• **Task**: The lines below from the one with "漢代陶鸮形五聯(lián)罐。南漢二陵博物館 供圖" up to and including the one with "AAF Family DCH" are what you should set down, exactly and without pictures.

• **Data supplied**:
· · ·
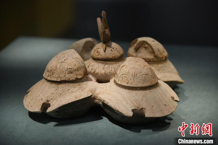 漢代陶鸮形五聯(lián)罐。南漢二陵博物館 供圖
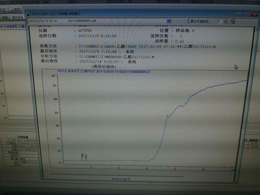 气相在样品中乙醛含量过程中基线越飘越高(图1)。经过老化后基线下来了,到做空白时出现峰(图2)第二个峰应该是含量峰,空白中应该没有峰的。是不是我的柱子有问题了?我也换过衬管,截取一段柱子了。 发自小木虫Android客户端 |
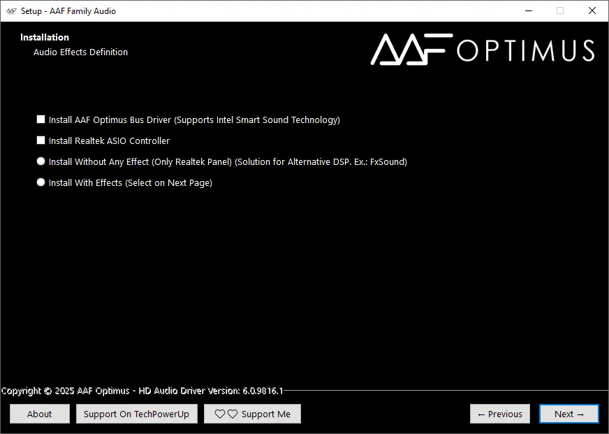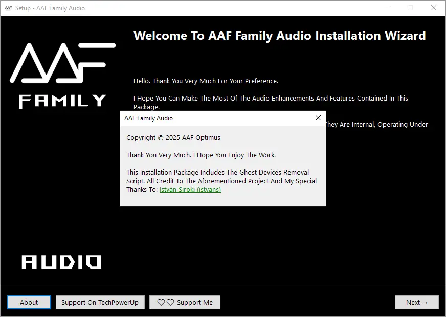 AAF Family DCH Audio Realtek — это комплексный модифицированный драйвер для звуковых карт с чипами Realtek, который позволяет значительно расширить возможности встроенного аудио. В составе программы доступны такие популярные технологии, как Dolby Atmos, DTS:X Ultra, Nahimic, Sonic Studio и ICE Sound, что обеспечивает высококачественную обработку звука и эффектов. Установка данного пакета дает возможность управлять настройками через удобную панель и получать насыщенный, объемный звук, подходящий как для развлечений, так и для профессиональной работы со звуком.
· · ·
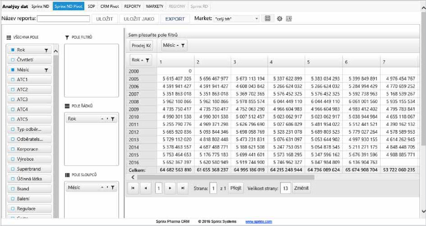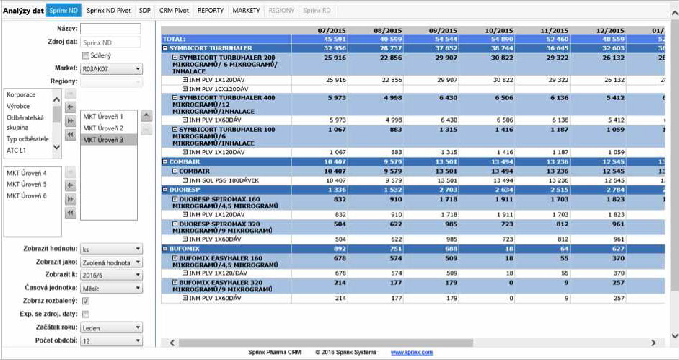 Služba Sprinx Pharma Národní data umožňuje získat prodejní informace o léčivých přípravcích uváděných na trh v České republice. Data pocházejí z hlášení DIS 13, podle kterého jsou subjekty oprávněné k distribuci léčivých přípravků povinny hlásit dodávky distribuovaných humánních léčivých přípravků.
· · ·
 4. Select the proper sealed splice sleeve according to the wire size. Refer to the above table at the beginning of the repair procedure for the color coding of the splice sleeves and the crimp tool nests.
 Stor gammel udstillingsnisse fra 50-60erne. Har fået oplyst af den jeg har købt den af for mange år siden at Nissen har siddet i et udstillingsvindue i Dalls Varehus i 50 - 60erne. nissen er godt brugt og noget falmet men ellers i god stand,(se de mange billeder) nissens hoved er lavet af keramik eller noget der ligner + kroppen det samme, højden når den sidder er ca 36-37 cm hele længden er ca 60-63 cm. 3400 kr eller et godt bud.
· · ·
• **Answer for the task**:
 漢代陶鸮形五聯(lián)罐。南漢二陵博物館 供圖
 气相在样品中乙醛含量过程中基线越飘越高(图1)。经过老化后基线下来了,到做空白时出现峰(图2)第二个峰应该是含量峰,空白中应该没有峰的。是不是我的柱子有问题了?我也换过衬管,截取一段柱子了。 发自小木虫Android客户端 |
 AAF Family DCH Audio Realtek — это комплексный модифицированный драйвер для звуковых карт с чипами Realtek, который позволяет значительно расширить возможности встроенного аудио. В составе программы доступны такие популярные технологии, как Dolby Atmos, DTS:X Ultra, Nahimic, Sonic Studio и ICE Sound, что обеспечивает высококачественную обработку звука и эффектов. Установка данного пакета дает возможность управлять настройками через удобную панель и получать насыщенный, объемный звук, подходящий как для развлечений, так и для профессиональной работы со звуком.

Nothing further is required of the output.